Deprivation of Liberty Safeguards.
There can be circumstances when vulnerable individuals in care need to have their independence removed or their free will restricted in some way, if it is in their own best interests and safety, and to prevent them from coming to harm, or from harming others.
These restrictions on an individual’s freedom are known as ‘deprivation of liberty’.
But isn’t it against the European Convention of Human Rights (ECHR) to deprive someone of their liberty?
Yes, strictly speaking, it is – unless there are good reasons.
It is recognised under Article 5 ECHR that: “Everyone has the right to liberty and security of person.

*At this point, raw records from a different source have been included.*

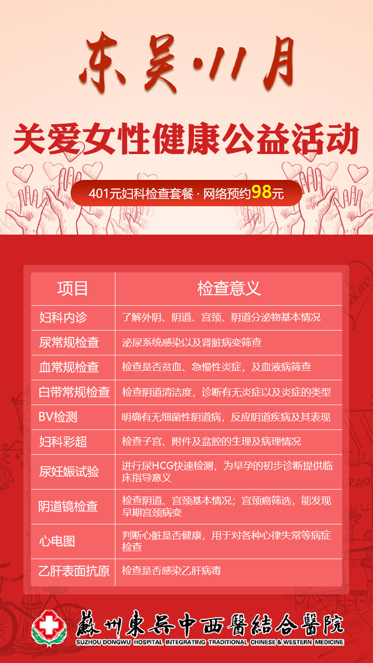 东吴11月惠民体检 98元妇科检查抵御寒冬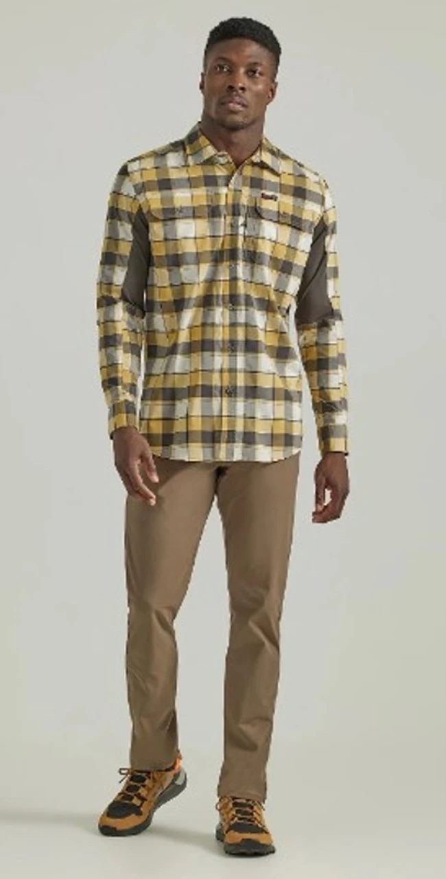 From the backyard to the backcountry, the ATG by Wrangler⢠plaid mixed material shirt has your back. It’s crafted from a breathable blend of cotton, recycled poly, and a little bit of stretch to keep you flexible on the fly. This long-sleeve shirt comes with everything you need to take on the great outdoors, including a convertible sleeve system for versatility, ventilation at the back yoke, a glasses cleaner at the hem, UPF 30, and a moisture-wicking membrane to keep you dry despite the forecast. It also features two chest pockets with flaps and buttons as well as a zip utility pocket for any extra essentials you want to take along. Wear it with our All-Weather jean to complete the look and make the most of every adventure.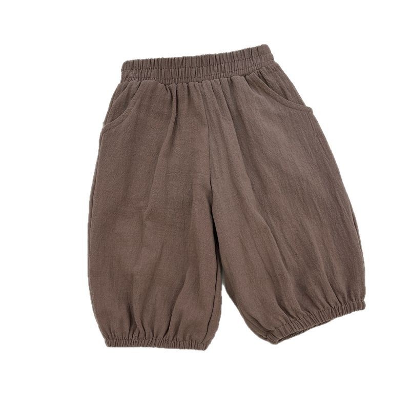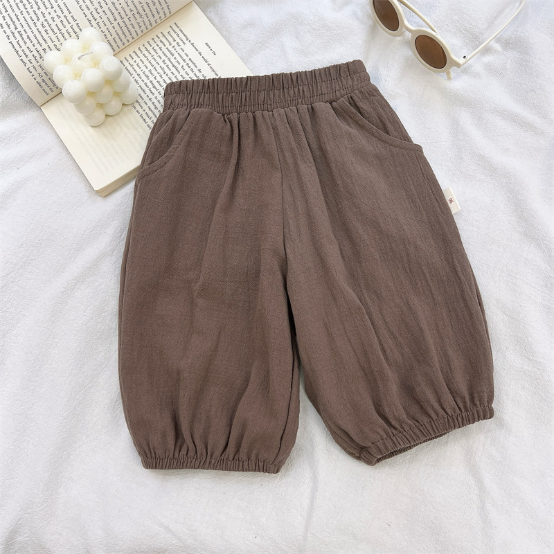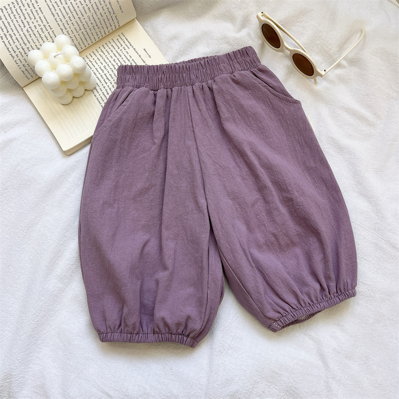 Детские укороченные брюки из хлопка и льна, брюки для девочек, новые летние повседневные брюки в корейском стиле, верхняя одежда для малышей, универсальные шаровары.

No one should be deprived of his liberty save… in accordance with a procedure prescribed by law”.
However, even when a person is deprived of their liberty, they still have rights – as provided for under the Mental Capacity Act 2005 Deprivation of Liberty Safeguards (known as ‘MCA DOLS’ or just ‘DOLS’ for short).
DOLS is an amendment to the Mental Capacity Act 2005, and applies to England and Wales only.
What is DOLS?
DOLS is a legal procedure that provides extra protection and safeguards for vulnerable individuals, who lack mental capacity, and whose liberty is being deprived in contravention of their Human Rights.
DOLS only applies to patients in hospital or residents in a care home – otherwise the Court of Protection can authorise deprivation of liberty.
DOLS cannot be used if the individual meets the criteria for detention under the Mental Health Act instead, nor if the main reason is to protect the individual from contact with others who may cause them harm.
What is deprivation of liberty?
In simple terms, it means keeping or restraining an individual in a secure environment, not allowing them freedom to go anywhere without permission or close supervision, or keeping them under constant supervision.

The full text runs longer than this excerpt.